We can only do so many new things in any given year, and this year we decided it was time to give self-guided trips a whirl. Maybe that's not as adventurous as big-wave surfing, but it's a fun departure for us. On one of these new itineraries, a small group can build its own trip on a foundation of B&R planning and expertise, where we set up the hotels and bikes, and luggage transfers, plus a few restaurant reservations, and they do the rest. There aren't any guides or vans involved, though of course we're only a phone call away if something goes wrong. We think that kind of structured independence is going to go over really well with a certain kind of traveler, and are trying them out in Burgundy and Tuscany this year, where we have permanent offices to provide support. If it proves popular, we'll expand the concept in 2011.
Name a few of your favorite hotels of the moment.
I'm always happy to check in at L'Hotel in Beaune, near our European headquarters in Burgundy, and had a really nice visit at Locanda Dell'Amorosa in Tuscany this past fall. I should probably only name B&R trip hotels, but I really enjoyed a quick recent stay at the brand new Four Seasons in Seattle. Four Seasons really gets it right. They have the kind of service ethic that we've tried to build at B&R.
What can't you leave home without when you travel?
Well Everett, this isn't the most upscale thing you've ever heard, but in the past few years I've taken to packing a nice coffee mug, with a cover. I just got so tired of the image of all those disposable cups piling up in the landfill that I thought I'd better just go ahead and do something about it. So far the only truly strange look anyone's given me was in the Rome train station; the barista was definitely not impressed, though I think mostly because he thought I should have stayed for a proper espresso. But I had a train to catch!

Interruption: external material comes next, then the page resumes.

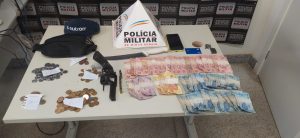 Diante das informações, os militares realizaram rastreamentos, localizaram e prenderam os autores e com eles, foram apreendidos um revólver cal. 38 carregado, sete munições cal. 38, um telefone celular e R$ 379.45 reais.

Where are you off to next?
Bhutan, and I couldn't be more excited. I've been to Nepal but haven't yet made it to Bhutan, and hear that's it's a very different experience. B&R offers a fantastic Bespoke itinerary that I'm doing with a group of friends, so it's a trip for fun not work. After that I'll be heading to Europe for our spring guide kick off. Speaking of which, I'm going to get my guiding helmet back on this year, probably in Burgundy, which will be a blast. After that, I'm not sure. But there's never any shortage of places to go, is there?